Whenever I eat Asian food I feel healthy. Okay, not when I gobble the dumplings or the deep fried goodies from my local Chinese spot. But, in principal, most Asian cuisine is breathtaking, in terms of taste and aroma and visual appeal, while being truly a very healthy alternative.
Brian and I are lucky. We live in Lower Manhattan, so low we have to go north to get to the Lower East Side. Chinatown is just a ten minute walk away. Except Chinatown — which has grown in every possible direction — is now packed with Asian restaurants and markets of all varieties. There are Thai restaurants nestled there whose food just amazes us. And every time we eat Thai, we say to ourselves: wish we could do that.
Thanks to a brilliant and beautiful new book, Thai Street Food by David Thompson, now we can. If fact we have. Our favorite restaurant dish is Green Papaya Salad, an astonishing flavor barrage of hot, sour, sweet and salt. Thompson’s recipe works wonderfully and yields a true-restaurant quality dish. Actually, it yields a real Thai dish. Thompson has been visiting Thailand for 30 years and knows the story behind each recipe: new or old, Thai or Chinese, north or south or northeast or … Thompson knows the DNA and zip code of every dish here.
Now, a true characteristic of Thai food is that everyone prepares the “recipes” with their own personal touch. We have two Thai restaurants near each other, both are excellent, but Pad Thai in one is quite different from the other. Thompson explains that Thai families and street vendors hone their personal versions of recipes for years or for decades. They guard their culinary secrets carefully. Thankfully, with perseverance and time, Thompson has gleaned the secrets of dozen of Thai dishes.
This oversized book is filled with pictures of life among the street vendors throughout Thailand. The pictures are filled with a buzz of colors, contours, angles, and textures. The energy there is beautiful and addictive.

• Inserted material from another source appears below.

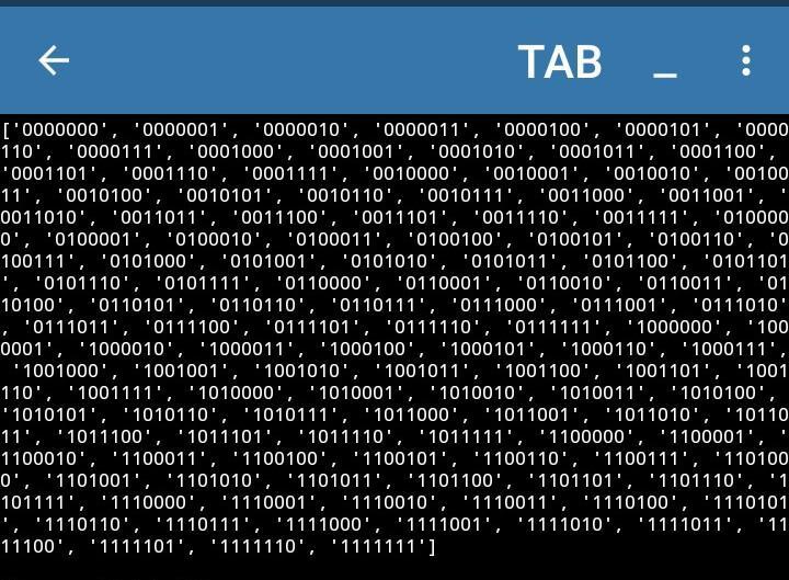 ['0000000', '0000001', '0000010', '0000011', '0000100', '0000101', '0000110', '0000111', '0001000', '0001001', '0001010', '0001011', '0001100', '0001101', '0001110', '0001111', '0010000', '0010001', '0010010', '0010011', '0010100', '0010101', '0010110', '0010111', '0011000', '0011001', '0011010', '0011011', '0011100', '0011101', '0011110', '0011111', '0100000', '0100001', '0100010', '0100011', '0100100', '0100101', '0100110', '0100111', '0101000', '0101001', '0101010', '0101011', '0101100', '0101101', '0101110', '0101111', '0110000', '0110001', '0110010', '0110011', '0110100', '0110101', '0110110', '0110111', '0111000', '0111001', '0111010', '0111011', '0111100', '0111101', '0111110', '0111111', '1000000', '1000001', '1000010', '1000011', '1000100', '1000101', '1000110', '1000111', '1001000', '1001001', '1001010', '1001011', '1001100', '1001101', '1001110', '1001111', '1010000', '1010001', '1010010', '1010011', '1010100', '1010101', '1010110', '1010111', '1011000', '1011001', '1011010', '1011011', '1011100', '1011101', '1011110', '1011111', '1100000', '1100001', '1100010', '1100011', '1100100', '1100101', '1100110', '1100111', '1101000', '1101001', '1101010', '1101011', '1101100', '1101101', '1101110', '1101111', '1110000', '1110001', '1110010', '1110011', '1110100', '1110101', '1110110', '1110111', '1111000', '1111001', '1111010', '1111011', '1111100', '1111101', '1111110', '1111111']

There have been, of course, two barriers to cooking Thai: recipes and ingredients. This book solves the first problem. Yes, the ingredients below include some things that are not familiar to most of us. We’re lucky to have Thai markets near us, like Bangkok Center Grocery, a 500 square foot store on Mosco Street [a rare one block street!]. At Bangkok Center, you can show up with a shopping list and be hand-guided to get everything you need. If you are not in New York City, you may have to search and drive a bit, but Thai food is very popular and you’ll find a market to meet your needs.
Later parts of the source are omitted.